**YOUR OBJECTIVE**
If pictures appear in the lines below, skip them and copy exactly the lines from the one containing "Undefeated Super Featherweight" through the one containing "Крепление Классика для", and nothing else.

##### RECORDS FOR THE EXERCISE

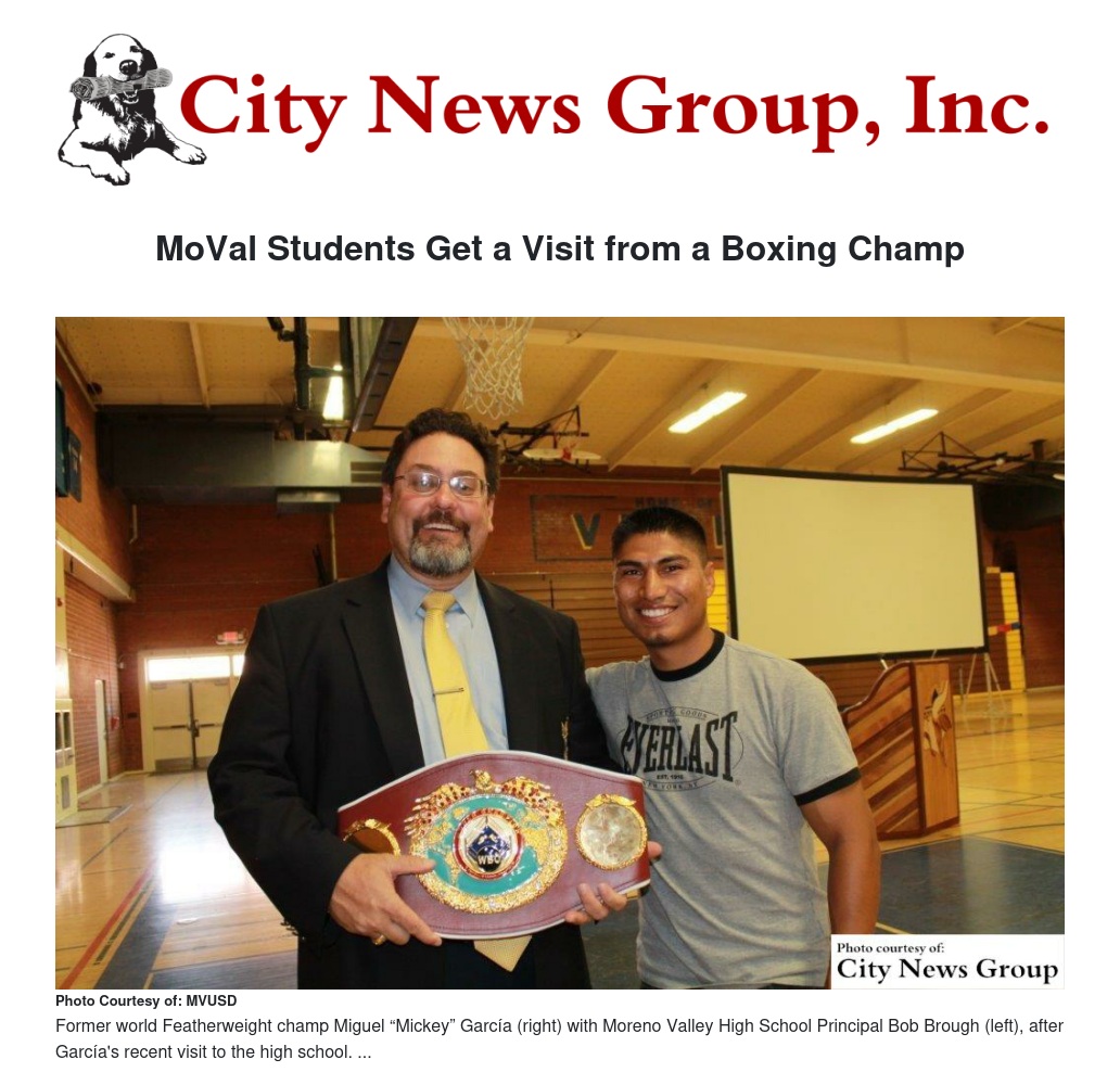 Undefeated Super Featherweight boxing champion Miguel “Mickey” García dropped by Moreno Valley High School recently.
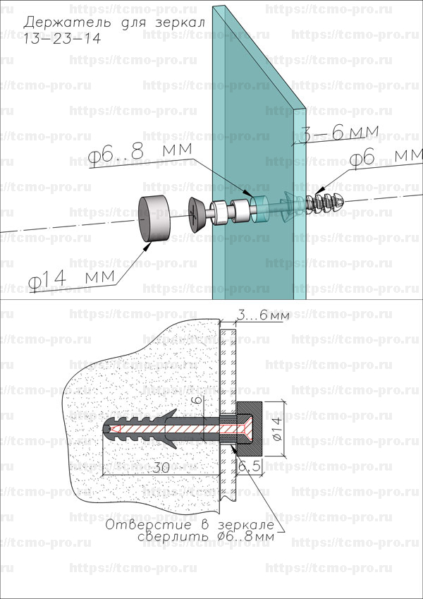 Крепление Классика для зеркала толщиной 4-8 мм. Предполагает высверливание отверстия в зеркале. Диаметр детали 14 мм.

##########
##### RECORDS FOR THE EXERCISE

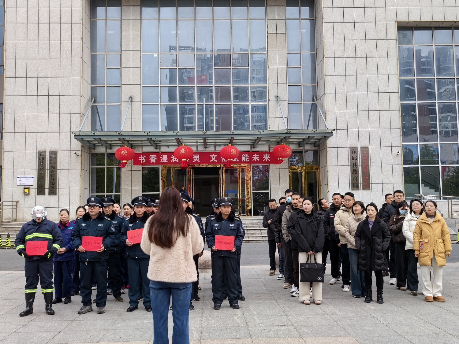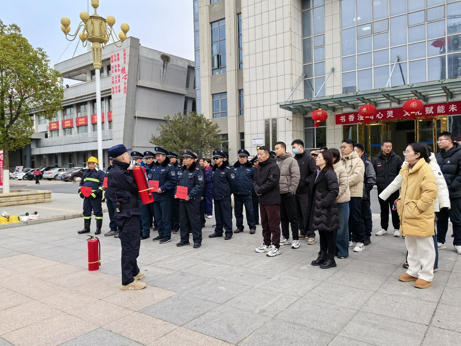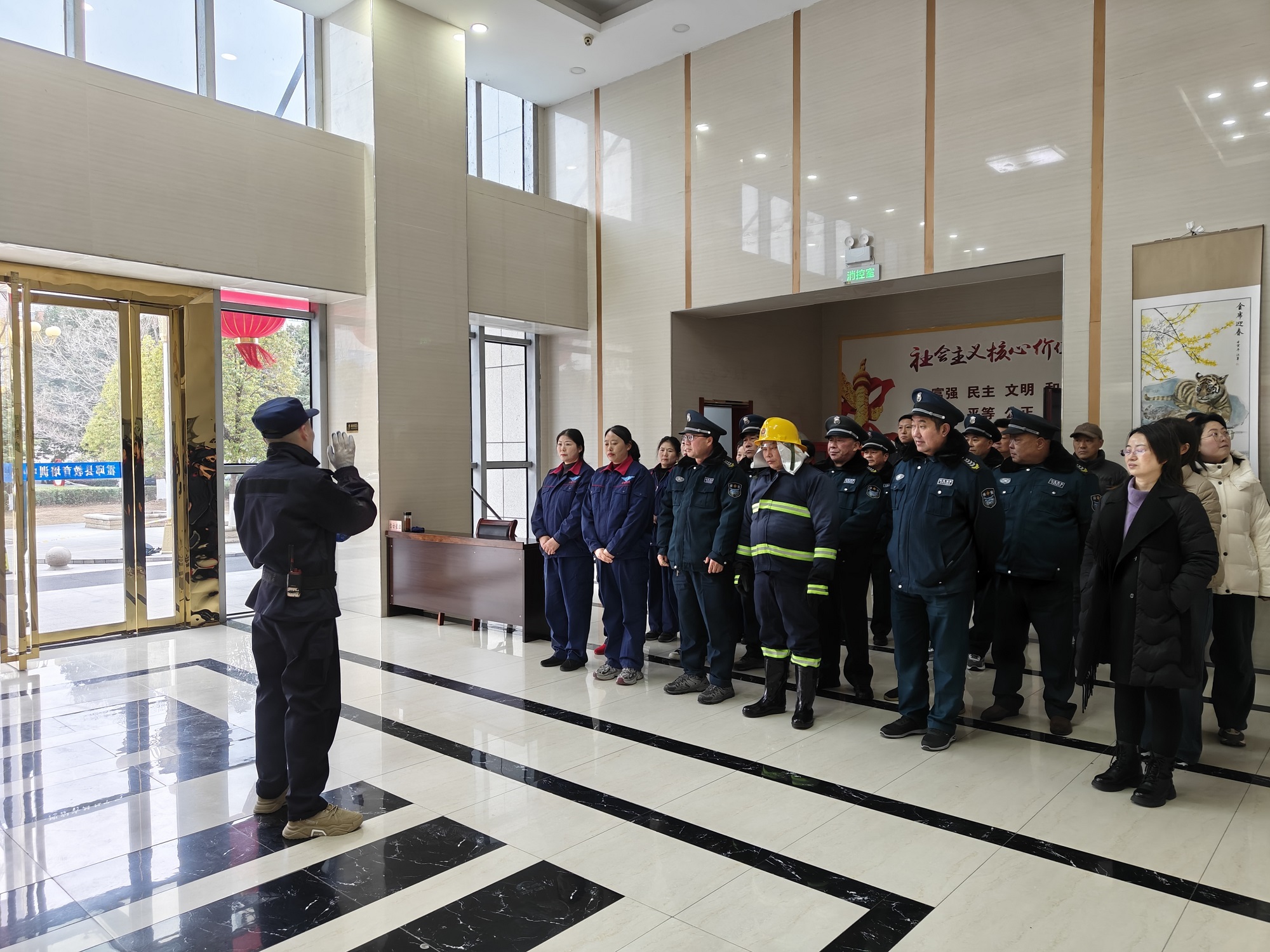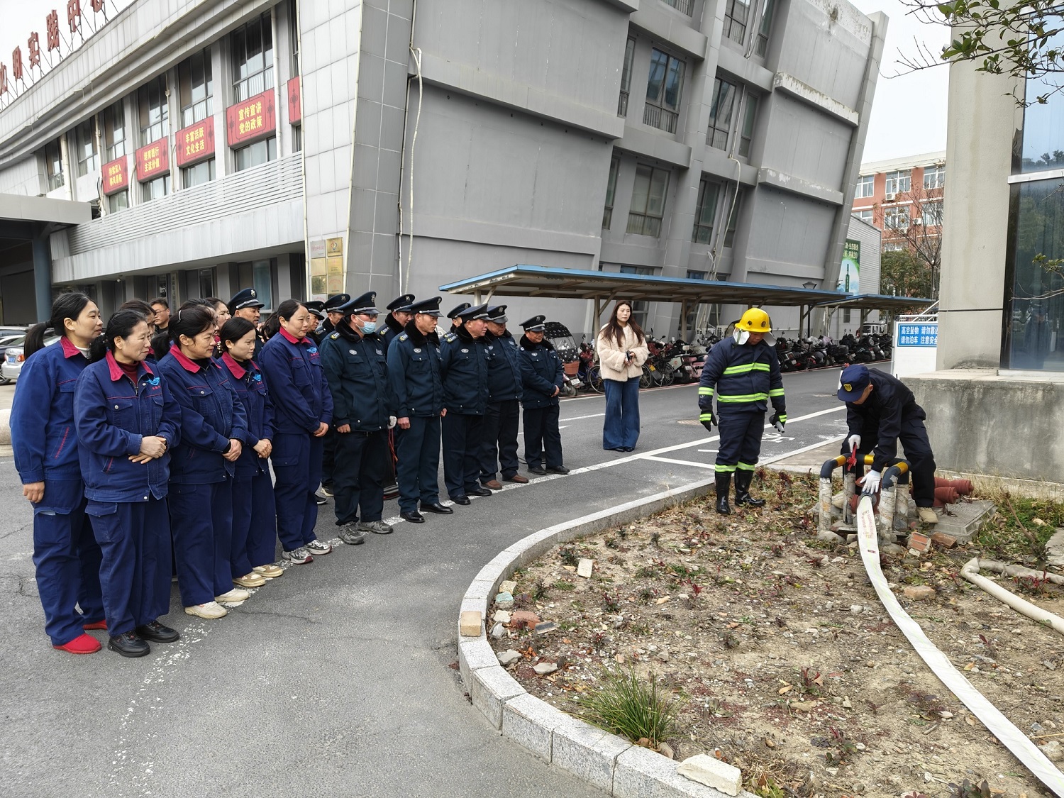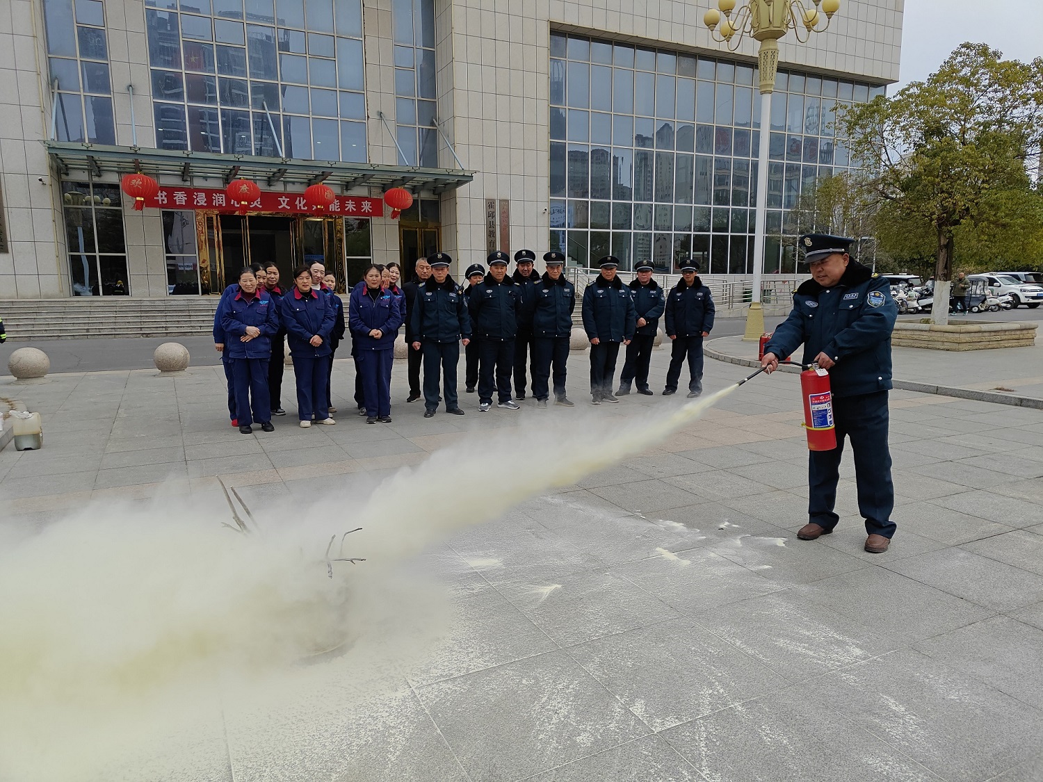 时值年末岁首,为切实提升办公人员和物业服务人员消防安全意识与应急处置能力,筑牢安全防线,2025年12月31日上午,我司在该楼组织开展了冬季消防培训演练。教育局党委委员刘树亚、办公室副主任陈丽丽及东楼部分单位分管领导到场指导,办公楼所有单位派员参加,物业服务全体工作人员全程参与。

##########
##### RECORDS FOR THE EXERCISE

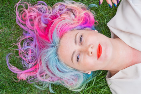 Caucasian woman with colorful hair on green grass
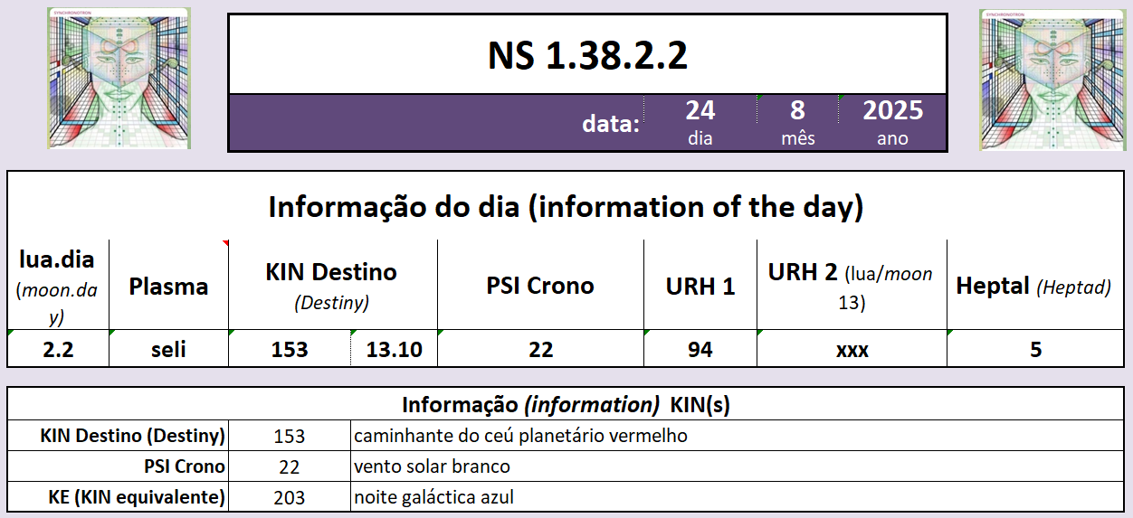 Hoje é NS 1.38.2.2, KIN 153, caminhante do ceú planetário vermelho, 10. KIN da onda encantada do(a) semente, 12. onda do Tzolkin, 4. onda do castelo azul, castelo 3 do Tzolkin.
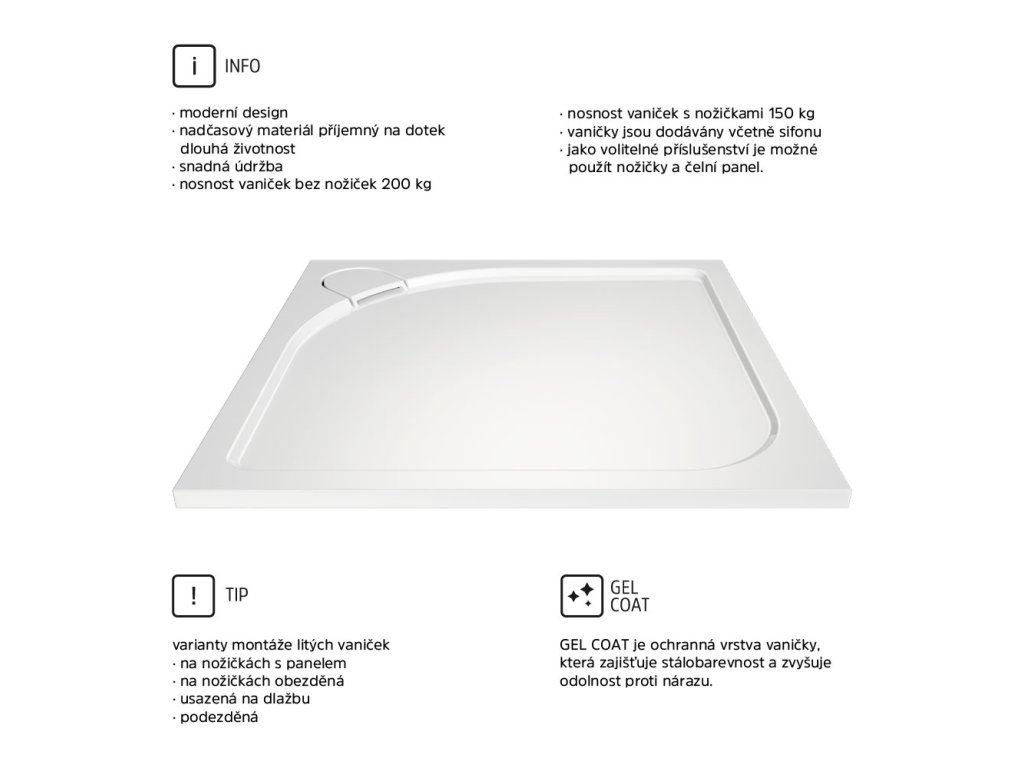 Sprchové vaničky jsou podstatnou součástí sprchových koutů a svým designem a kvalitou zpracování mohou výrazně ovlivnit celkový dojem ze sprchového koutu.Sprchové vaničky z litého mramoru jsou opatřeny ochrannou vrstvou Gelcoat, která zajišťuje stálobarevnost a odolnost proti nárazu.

##########

**SOLUTION**
 Undefeated Super Featherweight boxing champion Miguel “Mickey” García dropped by Moreno Valley High School recently.
 Крепление Классика для зеркала толщиной 4-8 мм. Предполагает высверливание отверстия в зеркале. Диаметр детали 14 мм.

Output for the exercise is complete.